16. An apparatus as defined in claim 14, further comprising a bit mask, wherein the bit mask is adapted to reflect the assignment of the physical processor affinity to each of the number of application threads being executed by the plurality of physical processors.

17. An apparatus as defined in claim 14, further comprising an application process state, wherein the application process state is adapted to store the assigned affinity each of the number of application threads being executed by the plurality of physical processors.

18. An apparatus as defined in claim 14, wherein each of the plurality of physical processors is an IA-32 Intel® architecture processor, and wherein each of the plurality of physical processors has two logical processors.

19. A computer-readable storage medium containing a set of instructions for a general purpose computer comprising a plurality of physical processors each physical processor comprising a plurality of logical processors, and a user interface comprising a mouse and a screen display, the set of instructions comprising:

an OpenMP runtime routine operatively associated with the plurality of physical processor to execute a plurality of application instruction threads on the plurality of logical processors, wherein each of the plurality of physical processors executes one application instruction threads if the number of application instruction threads is not greater than the number of plurality of physical processors.

20. A set of instructions as defined in claim 19, further comprising a global thread count storage routine operatively associated with the OpenMP runtime routine to store the number of application instruction threads executing on the plurality of physical processors.

21. A set of instruction as defined in claim 20, further comprising an affinity flag storage routine operatively associated with the global thread count storage routine and the OpenMP runtime routine to indicate whether the number of application instruction threads executing on the plurality of physical processors is greater than the number of physical processors.

22. A set of instructions as defined in claim 21, further comprising an application process state storage routine operatively associated with the OpenMP runtime routine to store an indication of which of the plurality of logical processors each of the application instruction threads is executing on.

23. A set of instruction as defined in claim 22, further comprising a bit mask storage routine operatively associated with the OpenMP runtime routine to store to store an indication of which of the plurality of logical processors has at least one of the application instruction threads executing on each of the plurality of logical processors.

24. A set of instructions as defined in claim 20, further comprising a global thread count update routine operatively associated with the OpenMP runtime routine and the global thread count storage routine to update the global thread count storage routine with the number of application instruction threads executing on the plurality of physical processors.

25. An apparatus comprising:

an input device;

an output device;

a memory; and

a plurality of physical processors, each having a plurality of logical processors, the plurality of physical processors cooperating with the input device, the output device and the memory to substantially simultaneously execute a plurality of application threads on separate physical processors when the number of executing application threads is not greater than the number of physical processors.

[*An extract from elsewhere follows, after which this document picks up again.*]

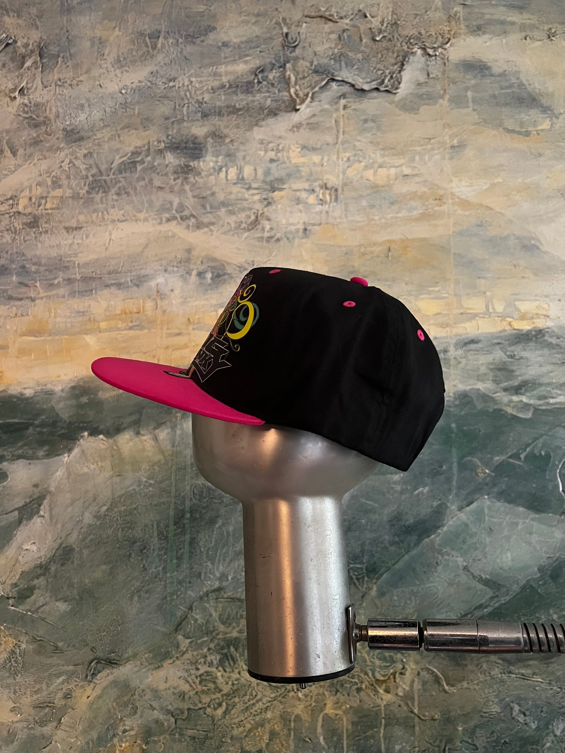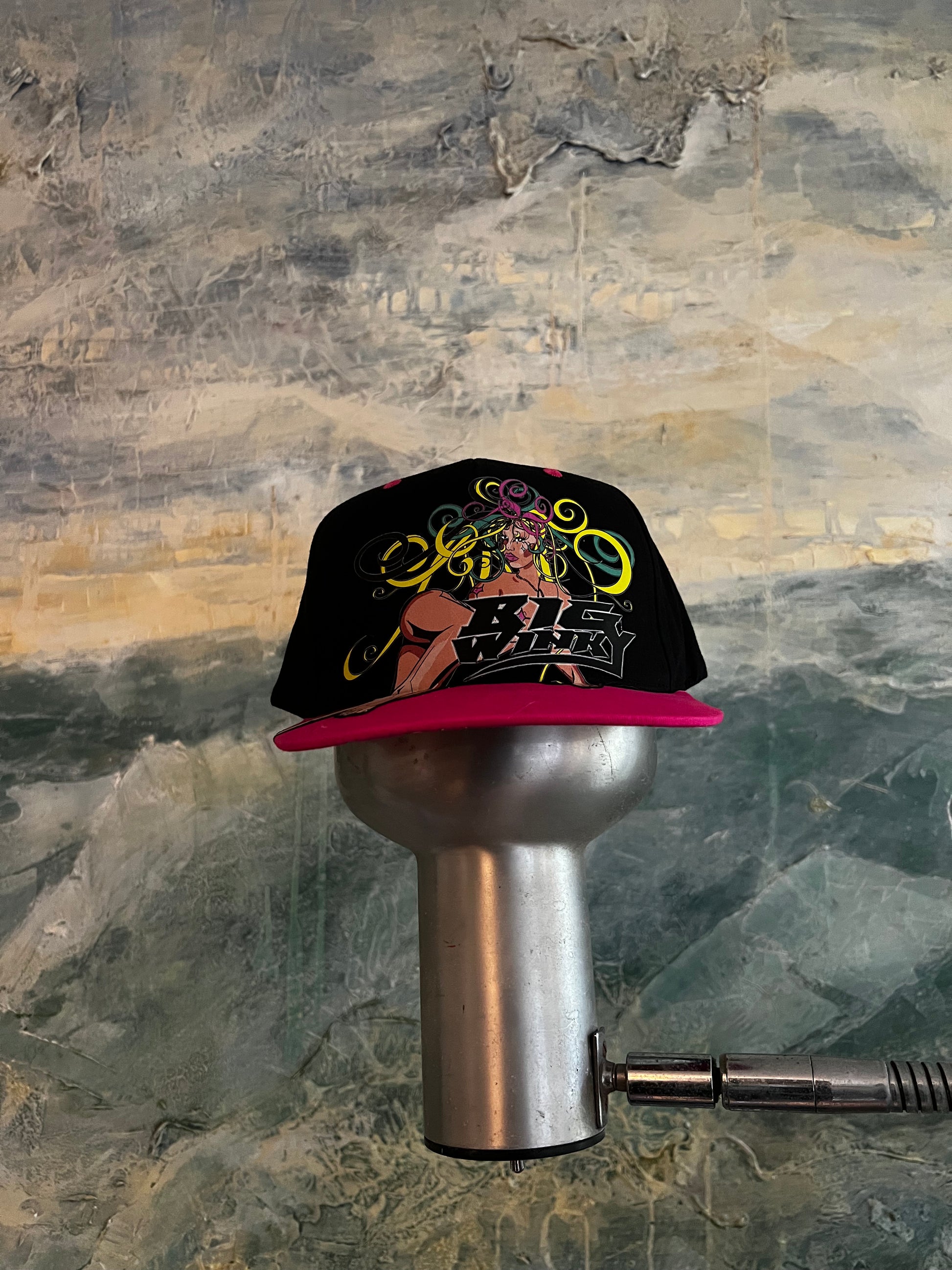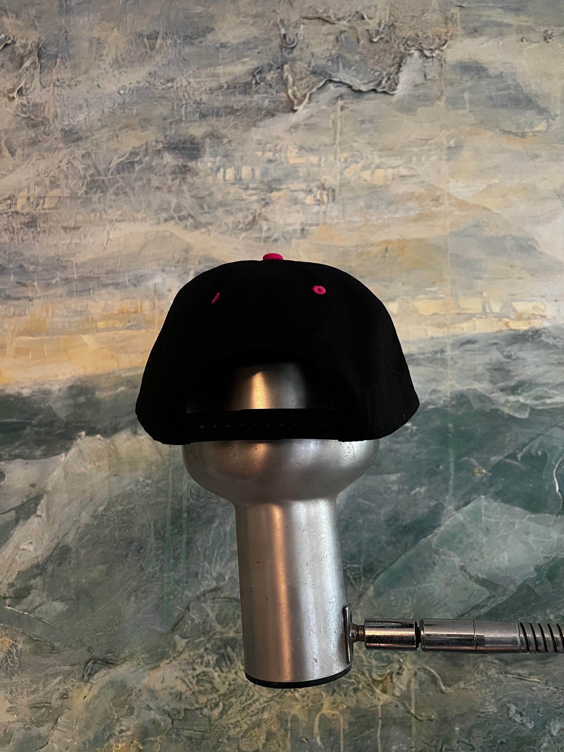 Pink Baseball Cap, with Miss. Big Winky's hand-drawn illustrations, hand-printed flowing from the front panel onto the peak and underside, making it a bold statement piece.

26. An apparatus as defined in claim 25, further comprising an OpenMP runtime library executing on the plurality of processors to initiate the execution of the plurality of application threads on separate physical processors.

27. An apparatus as defined in claim 25, further comprising:

a global thread count data file stored in the memory, the global thread count data file comprising data regarding the number of the plurality of application threads executing on the physical processors.